IT would be an exaggeration to describe the current discussion of our relations with the Soviet Union and with Western Europe as another Great Debate. Perhaps in the language of the times it might be called a Mini- Debate, distracted as it is and emotionally charged by events elsewhere which, however, may prove to be less fateful in the long run.
"EUROPE" VERSUS "DÉTENTE"?
IT would be an exaggeration to describe the current discussion of our relations with the Soviet Union and with Western Europe as another Great Debate. Perhaps in the language of the times it might be called a Mini- Debate, distracted as it is and emotionally charged by events elsewhere which, however, may prove to be less fateful in the long run.
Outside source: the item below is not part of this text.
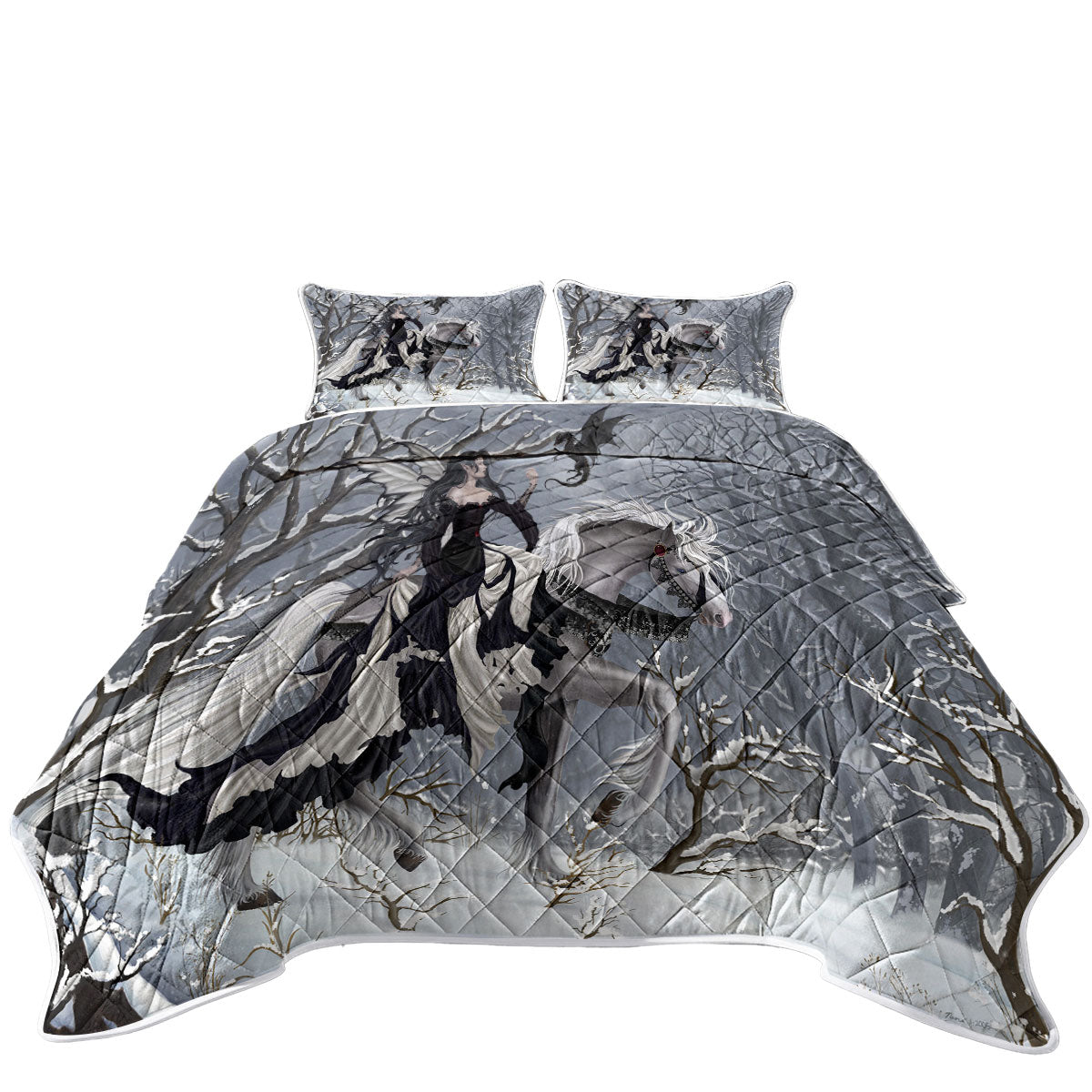 Fantasy Art the Dark Angel and Her Little Dragon Coverlet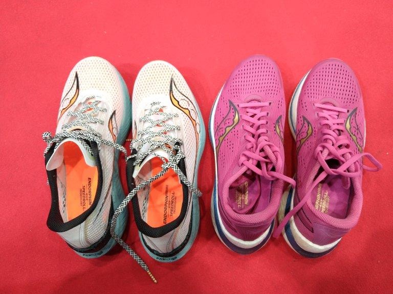 シューズは、先日メルカリで購入し盛岡で受け取った中古の Endorphin Speed 3。EXPOでsauconyブースがあったので、お願いしてEndorphin Pro 3 を試し履き。持参したSpeed 3 との比較では、プレートはやっぱり硬く、Speed3よりクッションは少なくなっている印象。とても私の手に負える代物ではありません。 藤原商会さんが「じゃじゃ馬」というほどつま先のロッカー構造がキツく、初代ズームフライのように「カクっ」とならないようにうまく使いこなすのは難しい部類かと思いました。

Implicit in almost every aspect of the discussion is one central issue: whether efforts to salvage or improve our relations with our West European allies work against our attempts to achieve some sort of a détente with the Soviet Union, and if so, which consideration ought to receive the higher priority in our policies.
The question is raised in many forms. In the debates as to whether the United States should proceed with the treaties regarding consular arrangements, the proliferation of nuclear weapons or the prohibition of certain military activities in space, the arguments tend to be less concerned with the specific merits of the treaties themselves than with the symbolic significance of such arrangements as part of a rapprochement between the United States and the Soviet Union. The advocates assert that only old habits of thought about the cold war persist in keeping alive the "communist menace," that the new fluidity of European political life-East and West-has created a new situation ripe for a Soviet-American settlement, made more feasible by the mutuality of their concerns about China. It is often further implied that a lesser American involvement in European affairs and a contraction of our commitments elsewhere would be a desirable concomitant of such a rapprochement.
The main line of argument against this position has been that Soviet behavior does not yet evidence the good faith which would make such a settlement possible (witness the Soviet supply of war matériel to North Viet Nam and the National Liberation Front), and that the pursuit of an illusory rapprochement with the Soviet Union would hasten the final dismantling of the Atlantic Alliance, which ought to be the cornerstone of American policy in the present period.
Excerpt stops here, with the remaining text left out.